Erik grunted and rose, locking his hands behind his back and walking in a slow circle around his desk. Mystique could have sworn a low hum was coming from the desk now – a strange, deep whine that seemed just outside, but that felt like it was right in front of her.
"You're wrong about these students, Raven. A great many of them do know exactly how it feels to be reviled. Many of us are unfortunately deeply familiar with that feeling."
She knew he'd been in Auschwitz. Kids here talked, and she could blend in. But even if she hadn't known, the look he gave her then would have made her shudder, and that impressed her more than almost anything else he'd done since she met him.
His look softened just a little. "Are you suggesting that it would better for these children to be out among wolves while trying to learn to use their gifts? Here they can focus, concentrate. Learn among those who would care for them, instead of cast them out. Or destroy them."
She didn't answer, because she guessed – she hoped – he was presenting the argument to himself, more than her.
He continued, coming around the front of the desk again. "This is where mutants come when they have no place else to go. And some learn of us and come by choice, as well. You think the school does them a disservice, and perhaps shouldn't be here?"
She rose now and put her hand on the top of the desk, and she could feel the light vibration, but only for a fraction of a second before it and the almost otherworldly hum disappeared. She looked at Erik, and he glanced away almost like he'd been caught doing something he shouldn't.
"No," she answered, "I think it should be here." She slid her hand over the smooth steel, actually hoping he'd do whatever that was again. "I just think you shouldn't teach everyone that it's all going to be all right, and that life really can turn out fair. Maybe there should be another place for mutants. A place that deals with reality, where we still look out for our own?"
"Raven, I wish – "
"Thank you for the lesson, Erik. I'm really, really tired from it. Can we try again later?" She feigned a yawn and wobbled a little on her feet.
He hurried to her side and took her elbow. "Of course, of course. I know very little about your talent and the toll it might take on you – if you're too exhausted you can rest on the couch here, and I'll come back and check on you later, if you like."

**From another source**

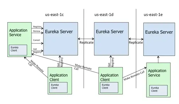 - 其中Eureka负责服务的注册与发现,很好将各服务连接起来
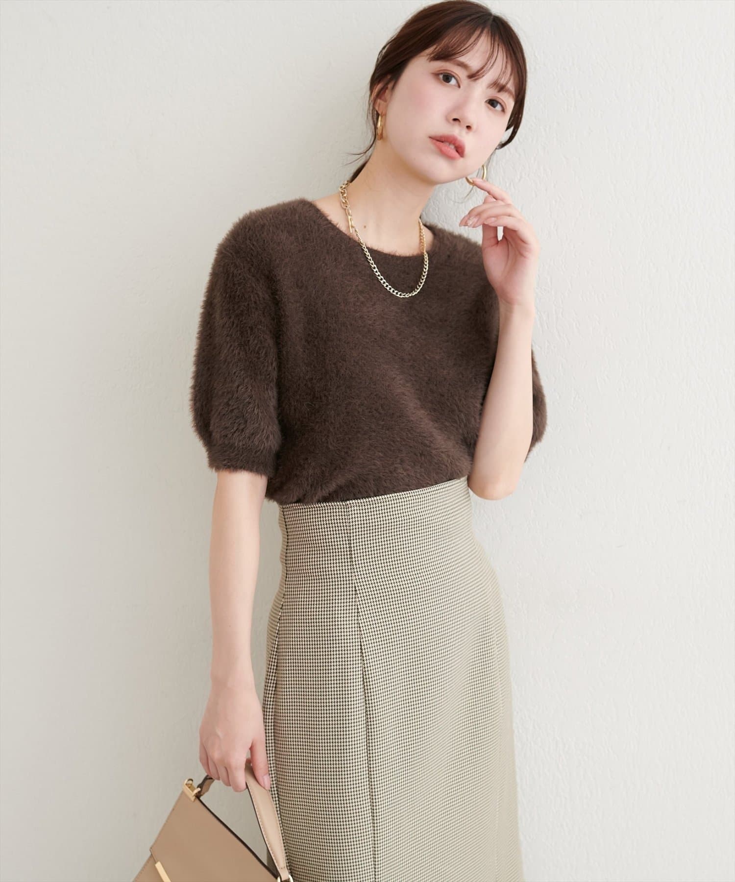 上品で女性らしい着こなしを叶える、フェザーヤーン半袖ニットプルオーバー。

She shook her head, yawning again, but lowered herself down to the couch even as she protested. Once down, she tried to look sheepish. "Well, maybe. But surely you don't let students just hang out in your office, with all your things. Files, and stuff."
Erik smirked, but she could see the amusement in his eyes. "Oh, everything's locked. I don't see the point in tempting honest people." The smirk became a smile and he patted her shoulder. "You rest as long as you need. We'll talk more later."
He opened a cabinet, without touching it, she realized, and produced a blanket which he spread over her in a rather fatherly way that pulled a genuine smile from her for a change. "Thank you, Erik."
He left through the adjoining door, and she waited only a few moments before she hopped up. Something told her it wouldn't surprise him to catch her snooping. He probably wouldn't even be angry. He'd just smirk in that way he had that said he knew all along, and aren't you clever.
But she also realized that he wouldn't be back, not until later, just as he'd said. She could tell that he truly wasn't worried about leaving her in here alone.
She laughed softly, as delighted as she was frustrated, as the reason became obvious. All the drawers, cabinets, and containers were metal, of course, and a custom design, probably built by Erik himself. There were no handles, and not even any locks to pick. Erik, after all, didn't need keys.